Я вернулся к себе в комнату, снова выглянул вниз. Улица была пуста. Часы показывали два часа ночи. Раньше, если мне не спалось, я чатился с друзьями. Вскоре после моего превращения мы с отцом придумали легенду: будто бы я подхватил сильную пневмонию и до конца девятого класса в школе не появлюсь.
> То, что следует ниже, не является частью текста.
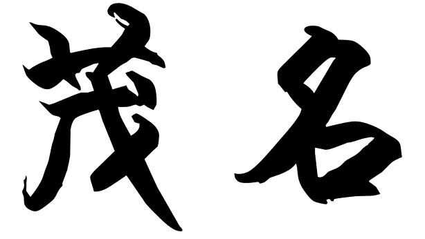 Maoming in Chinese

Потом я развил легенду и сообщил всем, что летом собираюсь съездить в Европу, а осенью, скорее всего, перейду учиться в загородную школу-интернат. «Отъезд» я наметил на август и пообещал, что до августа обязательно со всеми увижусь. Конечно, это было вранье, но дело даже не в нем. На все свои электронные письма я получил всего два или три ответа. У нас умеют забывать выпавших из круга. Конечно же, я не собирался возвращаться в Таттл. Мы издевались над теми, у кого дешевая обувь, — как же одноклассники встретят меня? Не удивлюсь, если с вилами как в триллерах. Подобно отцу, решат, что я опасно болен, и будут сторониться меня. Но даже если бы они вдруг стали ангелами, я бы в школу не вернулся. Возможно ли это — прийти уродом туда, где привык чувствовать себя первым красавцем?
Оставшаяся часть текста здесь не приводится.